WHAT happens when you hand college students free cash? That’s the question behind an experiment playing out in Cambridge, Massachusetts. Starting this month, $100 worth of bitcoins are being given to students at the Massachusetts Institute of Technology.
Bitcoin has been heralded as the future of money, an anonymous way to purchase anything from a coffee to illegal drugs. But it has struggled to make the transition to common currency. By injecting bitcoins into a real-world community, the MIT Bitcoin Project hopes to spur acceptance of the cryptocurrency among people who might not otherwise try it.
“We’re cultivating an ecosystem,” says Dan Elitzer at MIT Sloan School of Management, who runs the project along with Jeremy Rubin and Richard Ni. “We’ve got that density and that critical mass adoption to hopefully see what’s possible once Bitcoin is more broadly accepted and broadly used.”
To fund the project, Elitzer and his team raised more than $500,000 in alumni donations earlier this year; about half came from Alexandar Morcos, a former student who runs a high-frequency trading firm in New York City. The first stipends started rolling out to students who had signed up two weeks ago. The students are free to do what they want with the bitcoins – so long as it’s legal.
One popular way to spend the stash is on takeaway food. The Boston area boasts a number of shops that accept bitcoin, including Patty Chen’s Dumpling Room and Veggie Galaxy. It also had one of the first bitcoin ATMs in the US. In addition, the MIT campus store now accepts the currency in exchange for things like textbooks and college sweatshirts.
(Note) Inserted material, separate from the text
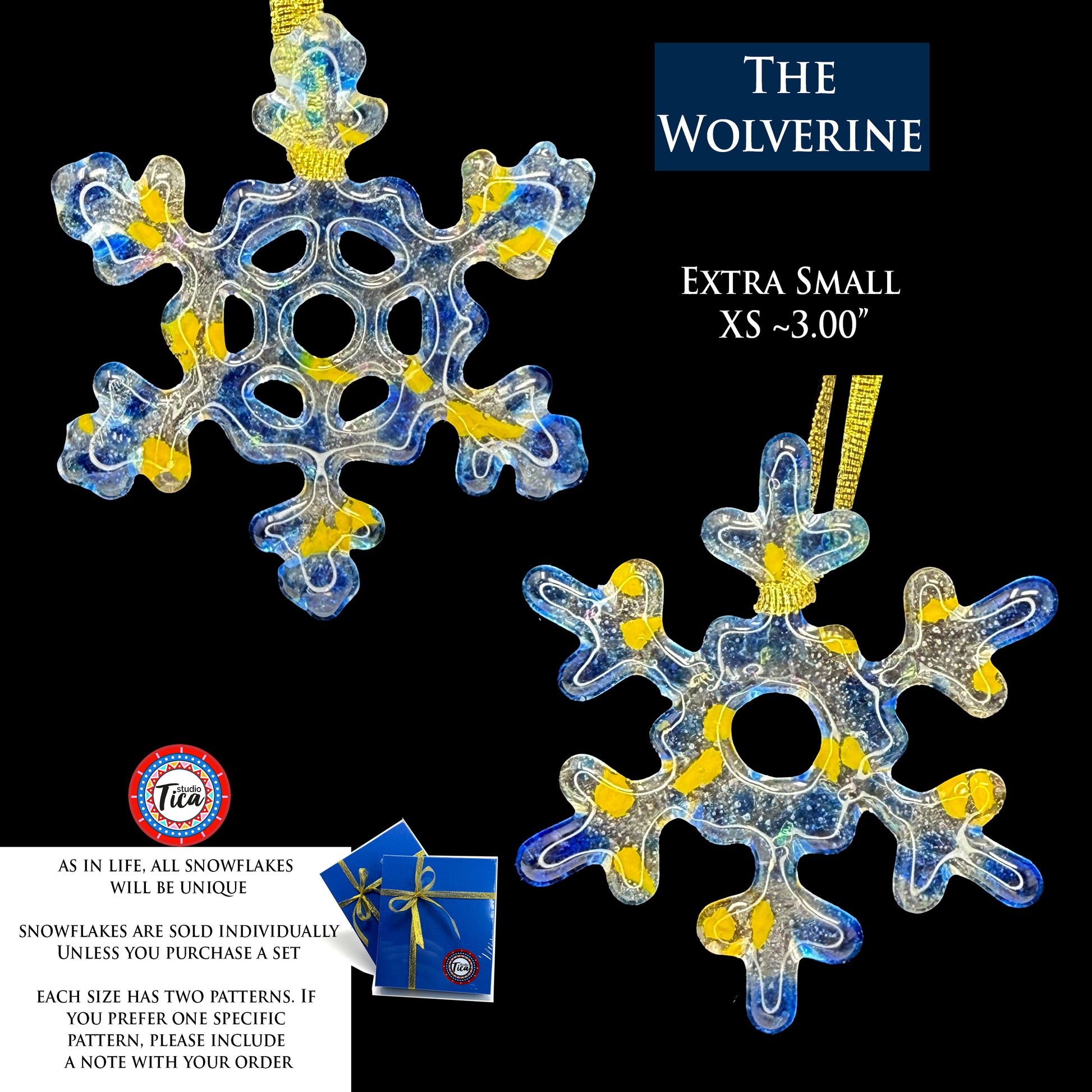 Inspiration: Celebrate the strength, compassion, and enduring spirit of The Wolverine - a handcrafted glass snowflake ornament custom-designed for Lightways.org, supporting hospice and serious illness care. This piece blends artistry and purpose, featuring a radiant combination of blue and yellow / gold colors that symbolize hope, resilience, and pride.

Sam Udotong, who studies aerospace engineering, plans to launch a start-up in the next two weeks sparked by the campus’s influx of bitcoins. His Fireflies app will let students request or carry out tasks for each other on campus in return for bitcoins, like picking up a meal from the cafeteria on a cold night. In August, Fireflies won the$1500 Awesome Award from a competition hosted by the MIT Bitcoin Project.
“You can go to restaurants or buy stuff online, but in terms of physically using it, there isn’t that much you can do yet,” says Udotong. “We’re hoping Fireflies will fill that hole.”
A number of students have chosen not to spend their bitcoins, instead keeping them as an investment or selling them for regular cash. Jonathan Harvey Buschel, a first-year student studying electrical engineering, says he plans to use some of his allotted bitcoins as a means of sending money to friends, as Bitcoin offers an appealing alternative to banking apps.
It remains to be seen whether the project will create a self-sustaining community around Bitcoin. Elitzer’s team is collecting data from users to find out how they used their money and whether their attitudes toward the currency have changed.
“I think that increasing awareness of cryptocurrencies is a positive thing, though it’s also important for people to be aware of the associated risks and regulatory issues,” says John Villasenor at the University of California, Los Angeles. For example, a crash at popular exchange site Mt Gox earlier this year cost customers millions in bitcoin. Regulations about the finer points of Bitcoin remain in a grey area, as seen in the recent legal battle over a mining tool named Tidbit.
“Increasing awareness of cryptocurrencies is a positive thing, though be aware of the risks”
William Luther, an economist at Kenyon College in Ohio, adds that the project may struggle to triumph over the limited opportunities to spend bitcoins and societal pressure to use more common currency. “It’s not a slam dunk. You can give a student $100 worth of Bitcoin, but you can’t make them use it,” he says.